9. Acuity Risk Management: Background & Rajakovich’s Journey
- [16:34]
- Acuity was founded over 20 years ago by "world class experts" in cyber GRC.
- Evolved from consultancy to software company with deployments in both public and private sectors.
- Rajakovich previously co-founded Skill Dynamics (education technology), steering it through two private equity exits before joining Acuity in late 2024.
- Acuity is now publicly traded on the AIM stock exchange.
Notable Quotes & Memorable Moments
-
On Evolving Board Priorities:
- “Risk has become a strategic enabler. It's not just a cost center.” – David Rajakovich [02:47]
-
On Evidence-Based Security:
- “It's no longer enough to have a policy about something, but it's actually seeing data coming in and being able to interpret that data and understanding where we are.” – Rajakovich [02:11]
-
On AI and Governance:
- “If you're not using AI, you're going to be left behind... The question is do you have some sort of AI governance framework in place that allows you to make decisions on what you allow users to use?” – Rajakovich [04:54]
-
On Continuous Risk Monitoring:
- “Continuous monitoring... allows you to focus resources on what matters right now.” – Rajakovich [10:21]
-
On Third Party Risk:
- “Third party involvement in breaches has doubled, rising from 15% to nearly 30%... There’s a growing recognition that we not only need to manage our internal vulnerabilities and risks, but also those of our suppliers...” – Rajakovich [07:34]
-
On Prioritization:
- “You'll focus on those vulnerabilities that impact your most critical business services or those most critical systems.
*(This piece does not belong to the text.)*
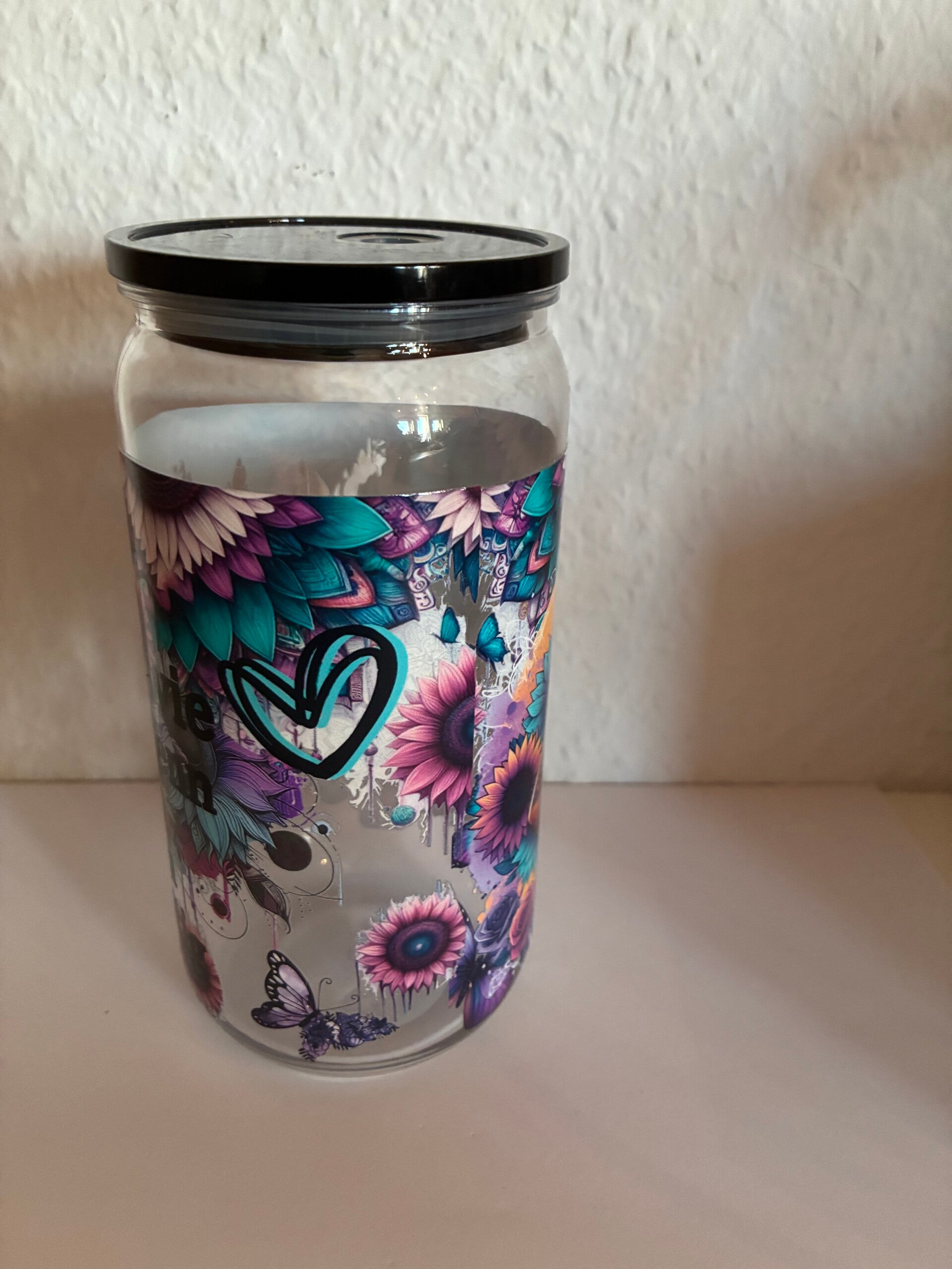 Die Becher bestehen aus stabilem, transparentem Kunststoff und sind durch den DTF-Druck-Aufkleber dauerhaft schön. Der Druck ist farbintensiv, abriebfest und sorgt für eine edle, moderne Optik. Jeder Becher wird mit Liebe zum Detail gefertigt – so wird er zum ganz persönlichen Lieblingsstück.

You'll also focus your third party risk management…” – Rajakovich [15:02]
Important Timestamps
| Timestamp | Topic / Quote | |-----------|---------------| | 01:00 | Rajakovich introduction, what Acuity does | | 01:52 | CEO/board shifts, link between breaches and share price | | 04:52 | Dichotomy of tech risk and AI, need for AI governance | | 06:01 | Peer benchmarking and risk | | 07:30 | Underestimated risks: third-party risk, need for continuous monitoring | | 09:38 | Continuous risk intelligence and real-time monitoring | | 11:38 | AI’s impact, risk frameworks, AI bill of materials | | 14:01 | Key steps all businesses should take for better risk posture | | 16:34 | Acuity Risk Management and Rajakovich’s background |
Tone
The conversation is thoughtful, pragmatic, and refreshingly transparent about the challenges faced by business leaders in the cybersecurity space. Rajakovich’s approach is earnest, practical, and grounded in real-world examples, while Scott Becker maintains a journalistic yet approachable style.
Summary Takeaways
Cyber risk is a boardroom issue and strategic enabler in 2026.
Evidence-based, continuously updated intelligence—powered increasingly by AI—is replacing legacy approaches, and targeted action on the most critical systems and relationships has become the gold standard. For executives looking to future-proof their organizations, the clear mandate is: move beyond one-off audits, manage third-party risks, adopt a governance-first approach to AI, and focus resources where the business is most vulnerable.